A lot of us are starting out the new year with new puppies, and along with enjoying all the cuteness and playfulness comes the very important responsibility to housetrain the dog.

The first thing to understand is that your dog doesn’t care whether he goes to the bathroom inside the house or outside the house. Going outside is strictly your priority, but your dog wants to make you happy, so he will follow your rules even when they don’t have any meaning to him. He just has to figure out what the rules are. The best way to accomplish that is to eliminate his chance to do it wrong and to reward him for doing it right.

I find that crate training tends to accomplish this the most quickly and clearly. When nobody is watching the dog, while sleeping at night for instance, the dog should be kept in a crate that is large enough for him to stand up, turn around, and lie down comfortably, but not much larger than that. When his space is limited he will naturally not want to urinate or defecate in that area and will hold it instead. This also keeps the dog from roaming around the house at night ingesting non-food items, like chunks of your couch, which will need to be surgically removed form his small intestines later.
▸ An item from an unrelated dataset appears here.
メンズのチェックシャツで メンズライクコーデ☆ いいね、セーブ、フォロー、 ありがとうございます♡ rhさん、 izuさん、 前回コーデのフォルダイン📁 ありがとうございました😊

In the morning the first thing that should happen is that the dog is let out of the crate and taken directly outside, where he will probably need to go to the bathroom because he has been holding it all night. The key to success here involves the owner going outside with the dog too, in the 20 below zero weather and the gale force winds, and standing right next to the dog in order to administer a special treat the instant the dog is finished in order to reward him for going to the bathroom outside. If the owner cheats and stands in the nice warm house and offers the dog the treat as he is coming back inside she is rewarding the dog for coming in the door, not for going to the bathroom outside.

No dog should be kept in a crate for 20 hours a day, so make sure that he is out and exercising and interacting with the family as much as possible. While the dog is out and about somebody must commit to having an eyeball on the dog at all times. It doesn’t take long before you learn to read the "I think I will find a place to relieve myself" behavior as the thought is forming in your dog’s head. If you wait until the dog is giving signals that they need to go to the bathroom rather than just taking him out randomly every 20 minutes you increase your chance of rewarding him for doing it right instead of playing the going-outside-for-no-particular-reason-game all day. Lots of dogs will go outside, sniff around a little, come back inside, and relieve themselves as soon as they come back in. Be prepared and pay attention so you are ready to get the dog back outside before he can do it wrong and so you can reward him for doing it right.
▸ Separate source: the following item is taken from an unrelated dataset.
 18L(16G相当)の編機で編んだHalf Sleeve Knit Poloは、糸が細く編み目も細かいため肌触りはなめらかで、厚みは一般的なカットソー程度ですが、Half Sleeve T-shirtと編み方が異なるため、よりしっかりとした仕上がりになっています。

If your dog does have an accident in the house, and he will, you need to understand that hitting him, rubbing his nose in it, or otherwise berating him is probably not sending the message you think it is. Your problem is that the poop is inside the house instead of outside, but a dog brain only has enough cognitive ability to understand "When I go to the bathroom I get in trouble, and now I have to go, but I’ll get in trouble again, so I guess I’ll just have to hide behind the couch when I go." If your dog starts hiding in order to relieve himself you will have a much more difficult time teaching him the difference between inside and outside. I have heard the suggestion that when the dog has an accident in the house the owner should roll a newspaper very tightly and briskly whap herself on the forehead three times, repeating the words "I will watch my dog more carefully next time".
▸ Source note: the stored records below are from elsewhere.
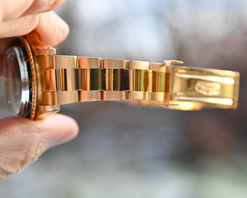 - Originales Gelbgold-Oysterband, nahezu stretchfrei und außergewöhnlich gut erhalten
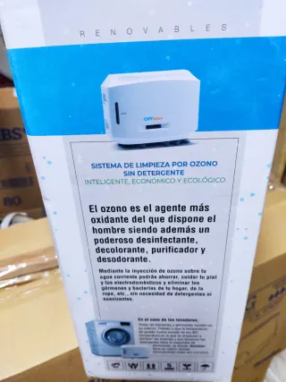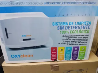 Sistema de limpieza OXYclean por ozono, sin necesidad de detergentes. Es una solución inteligente, económica y ecológica para el hogar. - El ozono es un potente agente oxidante. - Actúa como desinfectante, decolorante, purificador y desodorante. - Permite ahorrar agua y cuidar la piel. - Protege los electrodomésticos. - Elimina gérmenes y bacterias de tu hogar y ropa.
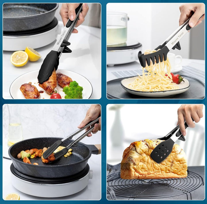 SILICONE KITCHEN SET: Our black tongs set includes:
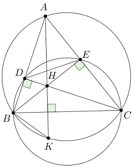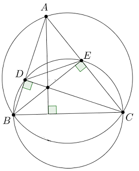 Cho tam giác \(ABC\). Đường tròn đường kính \(BC\) cắt \(AB,AC\) tại \(D,E.\)
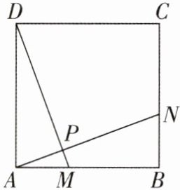 在△ABN和△DAM中,$\left\{\begin{array}{l} AB=AD\\ ∠ABN=∠DAM\\ BN=AM\end{array}\right.$,

Clarity and consistency are important in order to facilitate quick learning. For that reason I am not a big fan of puppy pads. Puppy pads tell your dog that it is indeed OK to go to the bathroom in the house, but some day you are going to have to say "Today the rules have changed and inside the house is no longer OK". Now you are starting again from zero after having arbitrarily changed the rules. Little guys can go outside just fine when it is cold, so teach them one set of rules from the start.

Puppies require real time and commitment in order to help them learn to be good citizens. Yeah, standing outside in freezing cold weather watching your dog go to the bathroom is a pain, but keep in mind that it is definitely less of a pain than cleaning dog waste out of your carpets for 12 years.